In this implementation, the adjacency matrix is dense and the convolution is performed with matrix multiplication.
- Parameters:
input_size – Size of the input.
hidden_size – Number of units in the hidden state.
k – Size of the diffusion kernel.
root_weight (bool) – Whether to learn a separate transformation for the central node.
- class AGCRNCell(input_size: int, emb_size: int, hidden_size: int, num_nodes: int, bias: bool = True)[source]#
The Adaptive Graph Convolutional cell from the paper “Adaptive Graph Convolutional Recurrent Network for Traffic Forecasting” (Bai et al., NeurIPS 2020).
- Parameters:
input_size – Size of the input.
emb_size – Size of the input node embeddings.
hidden_size – Output size.
num_nodes – Number of nodes in the input graph.
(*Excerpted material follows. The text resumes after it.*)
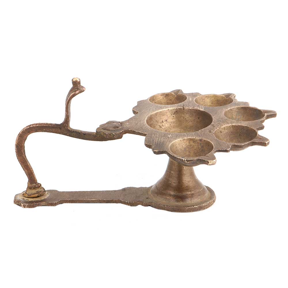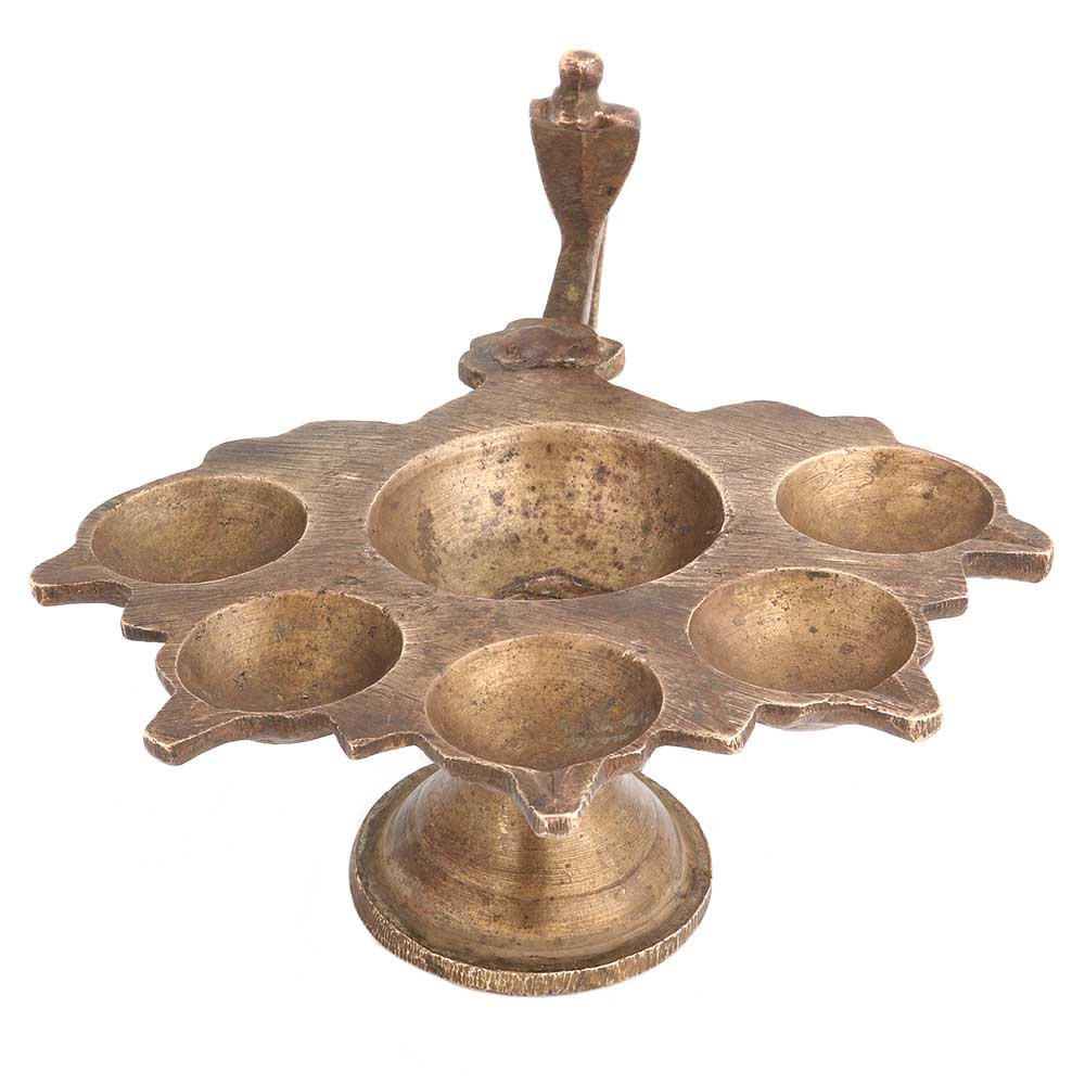 Brass 6 Wick Or Cavity With Cobra Head And Long Handle .Diwali gift, new year gift, stage decoration, worship lamp for temples and other places of worship Diwali, New Year ,weddings , engagement or inauguration ceremonies.. Perfect gift for your near and dear ones.

- class EvolveGCNOCell(in_size, out_size, norm, activation='relu', root_weight=False, bias=True, cached=False)[source]#
EvolveGCNO cell from the paper “EvolveGCN: Evolving Graph Convolutional Networks for Dynamic Graphs” (Pereja et al., AAAI 2020).
This variant of the model simply updates the weights of the graph convolution.
- Parameters:
in_size (int) – Size of the input.
out_size (int) – Number of units in the hidden state.
norm (str) – Method used to normalize the adjacency matrix.
activation (str) – Activation function after the GCN layer.
root_weight (bool) – Whether to add a parametrized skip connection.
bias (bool) – Whether to learn a bias.
cached (bool) – Whether to cache normalized edge_weights.
- class EvolveGCNHCell(in_size, out_size, norm, activation='relu', root_weight=False, bias=True, cached=False)[source]#
EvolveGCNH cell from the paper “EvolveGCN: Evolving Graph Convolutional Networks for Dynamic Graphs” (Pereja et al., AAAI 2020).
This variant of the model adapts the weights of the graph convolution by looking at node features.
- Parameters:
in_size (int) – Size of the input.
out_size (int) – Number of units in the hidden state.
norm (bool) – Methods used to normalize the adjacency matrix.
activation (str) – Activation function after the GCN layer.
root_weight (bool) – Whether to add a parametrized skip connection.
bias (bool) – Whether to learn a bias.
cached (bool) – Whether to cache normalized edge_weights.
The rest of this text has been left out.